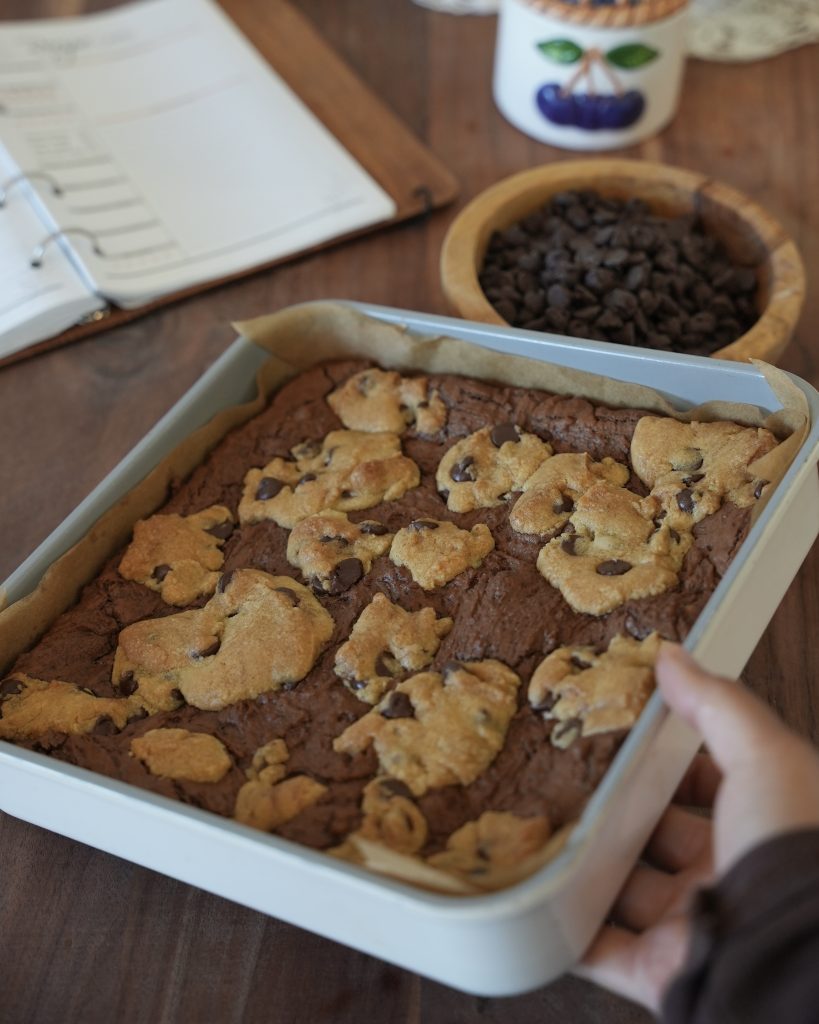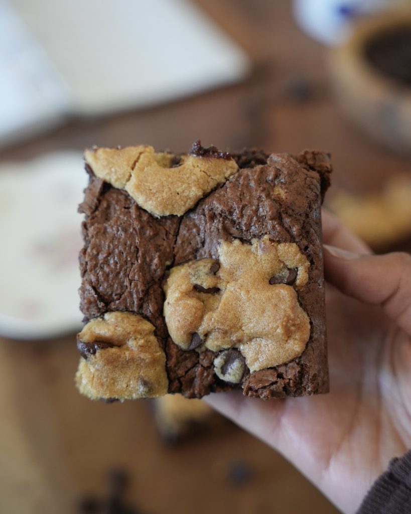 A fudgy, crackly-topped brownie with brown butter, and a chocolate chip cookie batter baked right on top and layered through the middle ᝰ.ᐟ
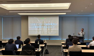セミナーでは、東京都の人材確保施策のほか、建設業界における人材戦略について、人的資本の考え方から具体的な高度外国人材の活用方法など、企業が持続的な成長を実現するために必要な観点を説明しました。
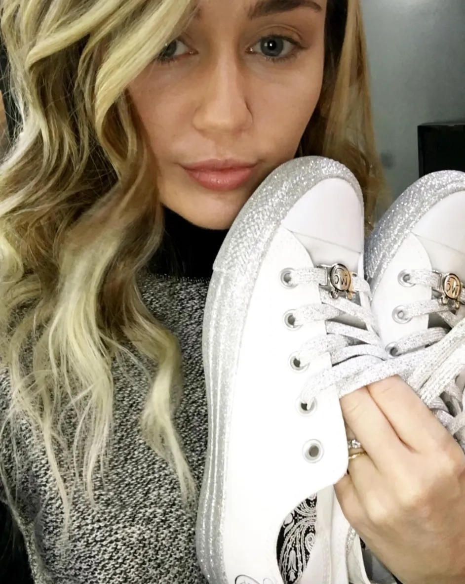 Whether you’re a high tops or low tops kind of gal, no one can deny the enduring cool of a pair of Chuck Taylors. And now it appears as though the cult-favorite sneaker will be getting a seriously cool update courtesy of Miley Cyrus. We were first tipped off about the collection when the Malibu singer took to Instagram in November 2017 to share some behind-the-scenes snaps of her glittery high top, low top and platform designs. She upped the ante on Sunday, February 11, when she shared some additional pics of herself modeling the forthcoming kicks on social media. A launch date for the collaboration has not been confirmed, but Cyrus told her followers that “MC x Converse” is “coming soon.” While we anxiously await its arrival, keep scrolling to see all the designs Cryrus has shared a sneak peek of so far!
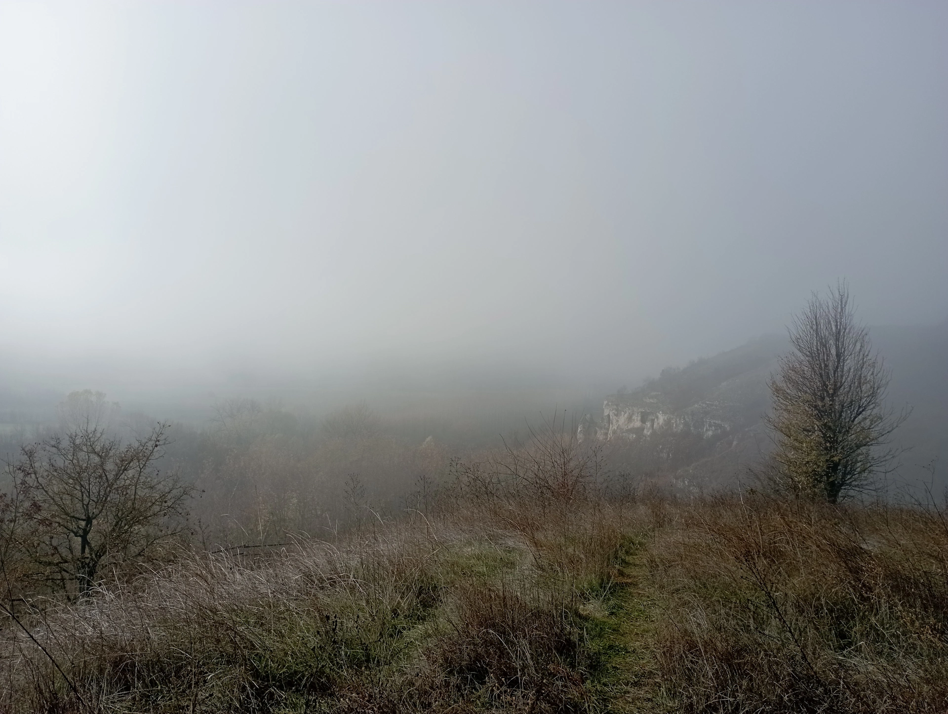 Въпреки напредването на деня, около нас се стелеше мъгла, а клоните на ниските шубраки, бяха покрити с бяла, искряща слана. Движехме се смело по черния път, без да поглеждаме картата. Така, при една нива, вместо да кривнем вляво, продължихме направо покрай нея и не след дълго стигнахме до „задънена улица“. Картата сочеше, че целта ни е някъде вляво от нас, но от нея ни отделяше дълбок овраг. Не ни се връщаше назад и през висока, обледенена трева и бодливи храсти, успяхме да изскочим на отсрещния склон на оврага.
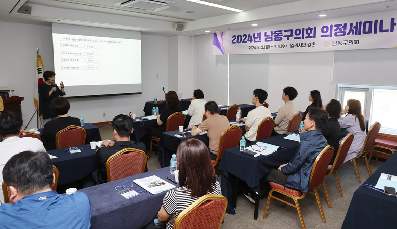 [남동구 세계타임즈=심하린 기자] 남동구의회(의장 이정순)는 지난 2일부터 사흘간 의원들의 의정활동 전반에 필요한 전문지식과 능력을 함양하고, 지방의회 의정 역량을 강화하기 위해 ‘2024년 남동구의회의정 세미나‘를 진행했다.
- - - - - - -
Give the entries again exactly. Pictures stay out.

 A fudgy, crackly-topped brownie with brown butter, and a chocolate chip cookie batter baked right on top and layered through the middle ᝰ.ᐟ
セミナーでは、東京都の人材確保施策のほか、建設業界における人材戦略について、人的資本の考え方から具体的な高度外国人材の活用方法など、企業が持続的な成長を実現するために必要な観点を説明しました。
 Whether you’re a high tops or low tops kind of gal, no one can deny the enduring cool of a pair of Chuck Taylors. And now it appears as though the cult-favorite sneaker will be getting a seriously cool update courtesy of Miley Cyrus. We were first tipped off about the collection when the Malibu singer took to Instagram in November 2017 to share some behind-the-scenes snaps of her glittery high top, low top and platform designs. She upped the ante on Sunday, February 11, when she shared some additional pics of herself modeling the forthcoming kicks on social media. A launch date for the collaboration has not been confirmed, but Cyrus told her followers that “MC x Converse” is “coming soon.” While we anxiously await its arrival, keep scrolling to see all the designs Cryrus has shared a sneak peek of so far!
 Въпреки напредването на деня, около нас се стелеше мъгла, а клоните на ниските шубраки, бяха покрити с бяла, искряща слана. Движехме се смело по черния път, без да поглеждаме картата. Така, при една нива, вместо да кривнем вляво, продължихме направо покрай нея и не след дълго стигнахме до „задънена улица“. Картата сочеше, че целта ни е някъде вляво от нас, но от нея ни отделяше дълбок овраг. Не ни се връщаше назад и през висока, обледенена трева и бодливи храсти, успяхме да изскочим на отсрещния склон на оврага.
 [남동구 세계타임즈=심하린 기자] 남동구의회(의장 이정순)는 지난 2일부터 사흘간 의원들의 의정활동 전반에 필요한 전문지식과 능력을 함양하고, 지방의회 의정 역량을 강화하기 위해 ‘2024년 남동구의회의정 세미나‘를 진행했다.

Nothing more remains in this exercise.